Istanbul (AFP)

Turkish novelist Asli Erdogan, acquitted on Friday after a controversial trial for "terrorist activities", told AFP on Sunday that she would not return to her country because "another arrest would mean death" for her .

"Under the current circumstances, I cannot return due to the risk of imprisonment," she said in a telephone interview with an AFP journalist, explaining that what she would say in an interview or elsewhere could serve as a pretext for a new legal battle. "Another arrest would mean death to me."

Turkish authorities have arrested tens of thousands of people, including academics and journalists, since the failed coup in July 2016 against President Recep Tayyip Erdogan.

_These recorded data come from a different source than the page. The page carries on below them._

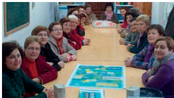
Talleres sobre Parlamento Europeo con Asociaciones de mujeres

Para familiarizar a recientes usuarias o no usuarias de Internet con sus posibilidades en torno al acceso a la información europea, al tiempo que fomentar su alfabetización digital. 15 usuarias formadas.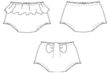
le trio de bloomer - du 3 au 18 mois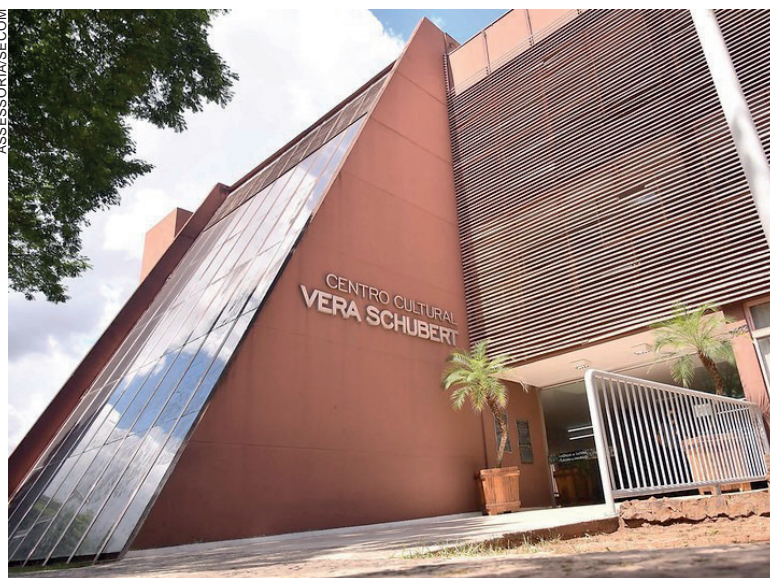
Apresentações serão de graça na sexta, com a Cia Schubert, e no sábado, com o Coral Municipal

An Istanbul court acquitted the novelist of charges of "attempting to undermine the integrity of the state" and "belonging to a terrorist group", and ordered the prosecution for "terrorist propaganda" to be discontinued.

"To be honest, I was very surprised. Almost everyone assumed that I would be sentenced," said the author, who chose to live in exile in Germany.

"I still can't believe it, but if it isn't that one, there will be another case," said the writer, who is not related to President Erdogan.

Author of several novels translated abroad, winner of the 2018 Simone de Beauvoir prize for women's freedom, Asli Erdogan was on trial for having contributed to the local newspaper Ozgür Gündem, closed by decree in 2016.

Turkish authorities accused Asli Erdogan of having collaborated with Ozgür Gündem, helped the Kurdistan Workers' Party (PKK), an armed group which is waging bloody guerrilla warfare in Turkey and has been described as "terrorist" by Ankara.

The 52-year-old novelist, who was not present at the hearing on Friday, described the current political system as "fascism, neo-fascime", saying that the trials against the imprisoned author Ahmet Altan and the man businessman and philanthropist Osman Kavala demonstrated that the situation went "far beyond a dictatorship".

"I don't really know what's going on behind closed doors, but such irrational cases have no other explanation. I consider them to be part of a strategy," she said.